Collected data:
━━━━━━━━━━━━━━━━
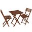 Set tvoří stůl a dvě židle, vyrobené z pevného bukového dřeva, které je díky tmavě hnědé lazurě chráněno před nepříznivými povětrnostními vlivy. Díky tomu se set hodí i pro venkovní použití a zůstane vám dlouho krásný. Praktické skládací provedení umožňuje snadnou manipulaci a skladování, takže nábytek nezabere mnoho místa, když jej zrovna nepoužíváte.
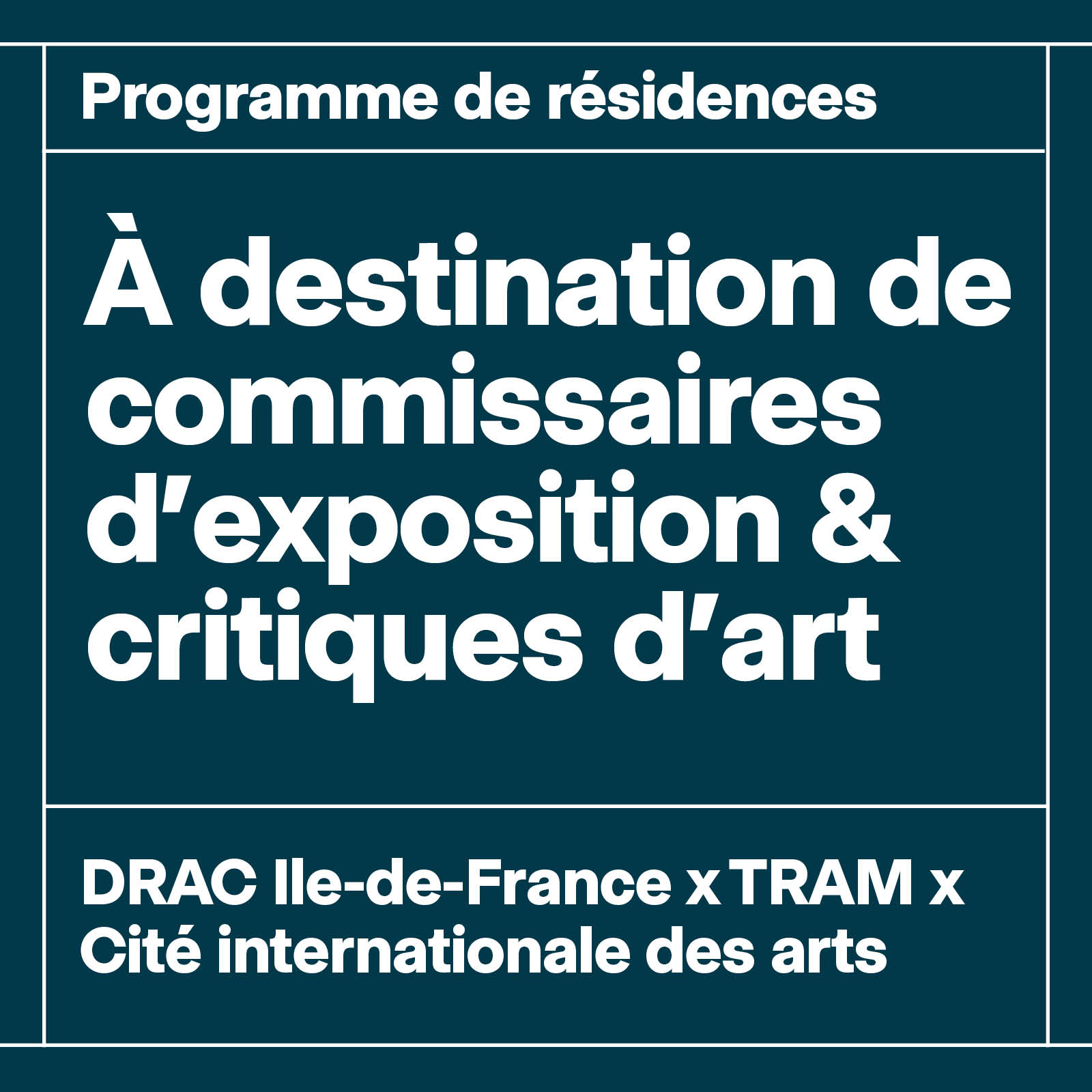 La DRAC Île-de-France, le réseau TRAM et la Cité internationale des arts ont co-construit un programme de résidence de recherche à destination de commissaires d’exposition ou critiques d’art, travaillant et résidant en Union européenne. L’objectif de ce programme est d’encourager et de faciliter leur mobilité en soutenant les possibilités de rencontres avec la scène artistique et curatoriale française, tout en accompagnant des projets centrés sur une recherche qui pourront se nourrir de l’environnement de travail proposé par la Cité internationale des arts.
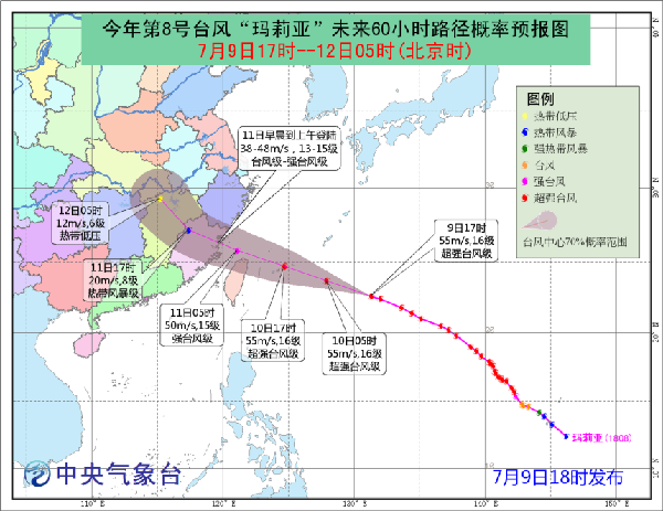 預(yù)計(jì),“瑪莉亞”將以每小時(shí)30公里左右的速度向西偏北方向移動(dòng),逐漸向臺(tái)灣以東洋面靠近,將于10日夜間登陸或擦過(guò)臺(tái)灣東北部,并于11日早晨到上午在福建晉江到浙江溫州之間沿海再次登陸(臺(tái)風(fēng)級(jí)到強(qiáng)臺(tái)風(fēng)級(jí),13-14級(jí),38-45m/s)。登陸后繼續(xù)向西北方向移動(dòng),強(qiáng)度逐漸減弱。此外,9日14時(shí)-10日14時(shí),臺(tái)灣東北洋面和東海南部的中東部海域的風(fēng)力將逐漸加大到7-10級(jí),部分海域風(fēng)力可達(dá)11-12級(jí);琉球群島以東洋面將有9-12級(jí)大風(fēng),臺(tái)風(fēng)“瑪莉亞”中心經(jīng)過(guò)的附近洋面的風(fēng)力有13-17級(jí)。
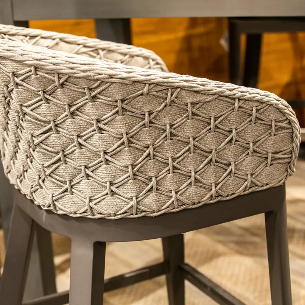 Inspired by the desire to explore pattern and new weaving techniques, the Vevina reimagines form and material to create an incredibly unique statement. The Vevina Barstool features a complex handwoven rope design with a curved back and sloping arms, and tapered legs in powder-coated aluminum. It boasts a fully welded powder-coated aluminum frame and is wrapped in weather-resistant, colorfast rope. The barstool includes weather-resistant, high-resiliency foam cushions and non-marking plastic glides. With commercial quality construction,
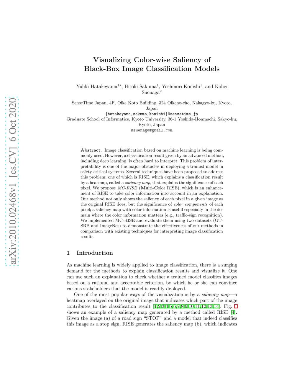 Image classification based on machine learning is being commonly used. However, a classification result given by an advanced method, including deep learning, is often hard to interpret. This problem of interpretability is one of the major obstacles in deploying a trained model in safety-critical systems. Several techniques have been proposed to address this problem; one of which is RISE, which explains a classification result by a heatmap, called a saliency map, which explains the significance of each pixel. We propose MC-RISE (Multi-Color RISE), which is an enhancement of RISE to take color information into account in an explanation. Our method not only shows the saliency of each pixel in a given image as the original RISE does, but the significance of color components of each pixel; a saliency map with color information is useful especially in the domain where the color information matters (e.g., traffic-sign recognition). We implemented MC-RISE and evaluate them using two datasets (GTSRB and ImageNet) to demonstrate the effectiveness of our methods in comparison with existing techniques for interpreting image classification results.
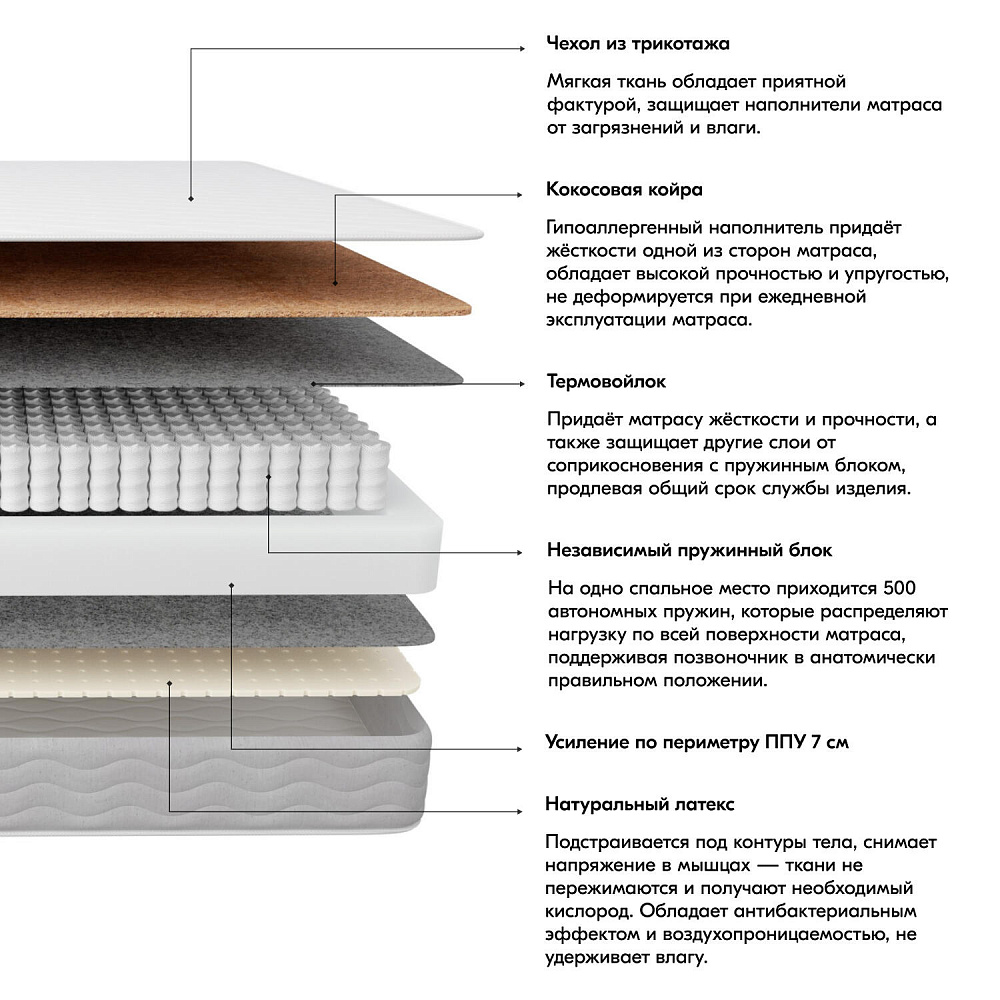 Натуральный латекс. Верхний слой высотой 1 см с нижней стороны матраса минимизирует давление от пружин на мягкие части тела.
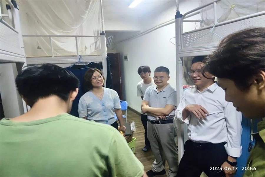 为进一步做好2023届毕业生离校服务,秉承“贴近实际、贴近需求、贴近学生”的工作原则,切实保障毕业生安全离校、温暖离校。6月17日晚,数字经济产业学院开展了2023届毕业生温暖离校工作,数字经济产业学院常务副院长舒光美、副院长白丽、党总支书记汪椿东和毕业班辅导员一起走访了毕业生宿舍,深入了解毕业生的就业与个人情况等,同时表达了学院对毕业生的深切关怀和美好祝愿。
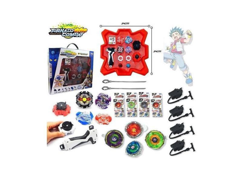 Maleta Beyblade 8 Beyblades Com Lançador + Arena De Beyblade - Tornado
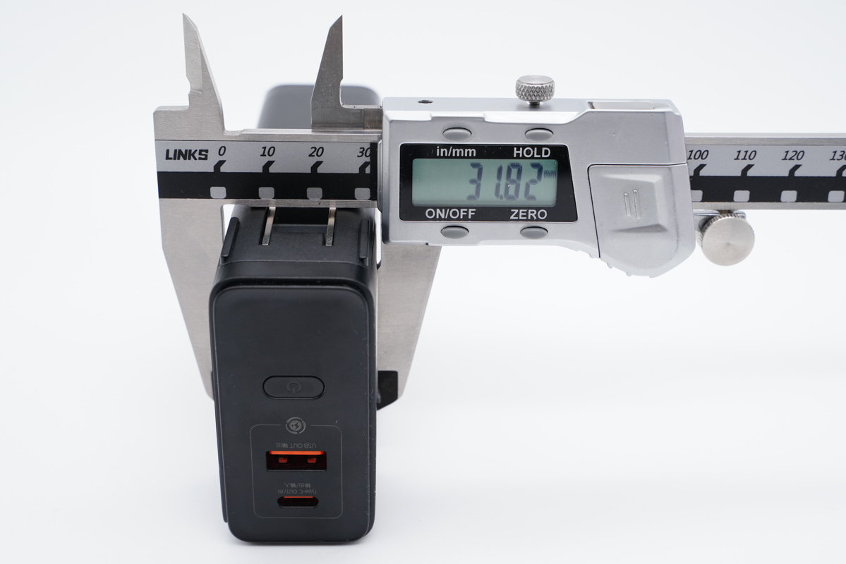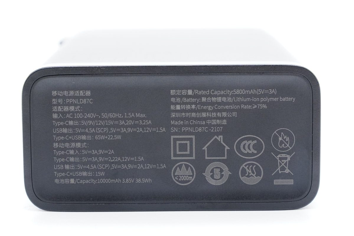 充电器模式下:支持100-240V 50/60Hz 1.5A的宽电压输入,USB-C支持5-15V3A、20V3.25A最高65W输出;而USB-A则支持18W快充,并且支持华为SCP 5V4.5A 22.5W快充。双口同时输出执行65W+22.5W输出模式,双口独立快充。
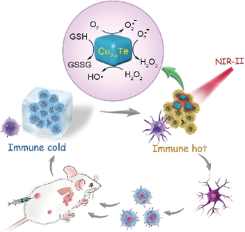 【主要優(yōu)勢】1、Cu2−xTe納米顆粒在近紅外ii (NIR-II)光下表現(xiàn)出可調(diào)節(jié)的酶模擬活性(包括谷胱甘肽氧化酶和過氧化物酶);2、Cu2−xTe人工酶催化的級聯(lián)反應(yīng)逐漸升高腫瘤內(nèi)氧化應(yīng)激,誘導(dǎo)免疫原性細胞死亡;
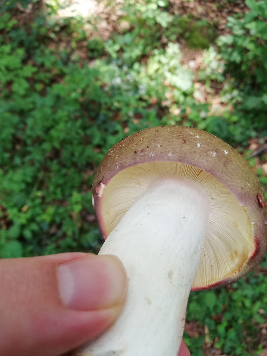 Dieser Täubling sah mit seinem braunen Hut mit violettem Hutrand recht markant aus also frage ich einfach mal: lohnt sich da eine Geschmacksprobe oder verbrenn ich mir da sowieso den Mund?
━━━━━━━━━━━━━━━━
WHAT YOU NEED TO DO: An unchanged copy of the data, images excluded, is all that should be given.

TASK ANSWER:
 Set tvoří stůl a dvě židle, vyrobené z pevného bukového dřeva, které je díky tmavě hnědé lazurě chráněno před nepříznivými povětrnostními vlivy. Díky tomu se set hodí i pro venkovní použití a zůstane vám dlouho krásný. Praktické skládací provedení umožňuje snadnou manipulaci a skladování, takže nábytek nezabere mnoho místa, když jej zrovna nepoužíváte.
 La DRAC Île-de-France, le réseau TRAM et la Cité internationale des arts ont co-construit un programme de résidence de recherche à destination de commissaires d’exposition ou critiques d’art, travaillant et résidant en Union européenne. L’objectif de ce programme est d’encourager et de faciliter leur mobilité en soutenant les possibilités de rencontres avec la scène artistique et curatoriale française, tout en accompagnant des projets centrés sur une recherche qui pourront se nourrir de l’environnement de travail proposé par la Cité internationale des arts.
 預(yù)計(jì),“瑪莉亞”將以每小時(shí)30公里左右的速度向西偏北方向移動(dòng),逐漸向臺(tái)灣以東洋面靠近,將于10日夜間登陸或擦過(guò)臺(tái)灣東北部,并于11日早晨到上午在福建晉江到浙江溫州之間沿海再次登陸(臺(tái)風(fēng)級(jí)到強(qiáng)臺(tái)風(fēng)級(jí),13-14級(jí),38-45m/s)。登陸后繼續(xù)向西北方向移動(dòng),強(qiáng)度逐漸減弱。此外,9日14時(shí)-10日14時(shí),臺(tái)灣東北洋面和東海南部的中東部海域的風(fēng)力將逐漸加大到7-10級(jí),部分海域風(fēng)力可達(dá)11-12級(jí);琉球群島以東洋面將有9-12級(jí)大風(fēng),臺(tái)風(fēng)“瑪莉亞”中心經(jīng)過(guò)的附近洋面的風(fēng)力有13-17級(jí)。
 Inspired by the desire to explore pattern and new weaving techniques, the Vevina reimagines form and material to create an incredibly unique statement. The Vevina Barstool features a complex handwoven rope design with a curved back and sloping arms, and tapered legs in powder-coated aluminum. It boasts a fully welded powder-coated aluminum frame and is wrapped in weather-resistant, colorfast rope. The barstool includes weather-resistant, high-resiliency foam cushions and non-marking plastic glides. With commercial quality construction,
 Image classification based on machine learning is being commonly used. However, a classification result given by an advanced method, including deep learning, is often hard to interpret. This problem of interpretability is one of the major obstacles in deploying a trained model in safety-critical systems. Several techniques have been proposed to address this problem; one of which is RISE, which explains a classification result by a heatmap, called a saliency map, which explains the significance of each pixel. We propose MC-RISE (Multi-Color RISE), which is an enhancement of RISE to take color information into account in an explanation. Our method not only shows the saliency of each pixel in a given image as the original RISE does, but the significance of color components of each pixel; a saliency map with color information is useful especially in the domain where the color information matters (e.g., traffic-sign recognition). We implemented MC-RISE and evaluate them using two datasets (GTSRB and ImageNet) to demonstrate the effectiveness of our methods in comparison with existing techniques for interpreting image classification results.
 Натуральный латекс. Верхний слой высотой 1 см с нижней стороны матраса минимизирует давление от пружин на мягкие части тела.
 为进一步做好2023届毕业生离校服务,秉承“贴近实际、贴近需求、贴近学生”的工作原则,切实保障毕业生安全离校、温暖离校。6月17日晚,数字经济产业学院开展了2023届毕业生温暖离校工作,数字经济产业学院常务副院长舒光美、副院长白丽、党总支书记汪椿东和毕业班辅导员一起走访了毕业生宿舍,深入了解毕业生的就业与个人情况等,同时表达了学院对毕业生的深切关怀和美好祝愿。
 Maleta Beyblade 8 Beyblades Com Lançador + Arena De Beyblade - Tornado
 充电器模式下:支持100-240V 50/60Hz 1.5A的宽电压输入,USB-C支持5-15V3A、20V3.25A最高65W输出;而USB-A则支持18W快充,并且支持华为SCP 5V4.5A 22.5W快充。双口同时输出执行65W+22.5W输出模式,双口独立快充。
 【主要優(yōu)勢】1、Cu2−xTe納米顆粒在近紅外ii (NIR-II)光下表現(xiàn)出可調(diào)節(jié)的酶模擬活性(包括谷胱甘肽氧化酶和過氧化物酶);2、Cu2−xTe人工酶催化的級聯(lián)反應(yīng)逐漸升高腫瘤內(nèi)氧化應(yīng)激,誘導(dǎo)免疫原性細胞死亡;
 Dieser Täubling sah mit seinem braunen Hut mit violettem Hutrand recht markant aus also frage ich einfach mal: lohnt sich da eine Geschmacksprobe oder verbrenn ich mir da sowieso den Mund?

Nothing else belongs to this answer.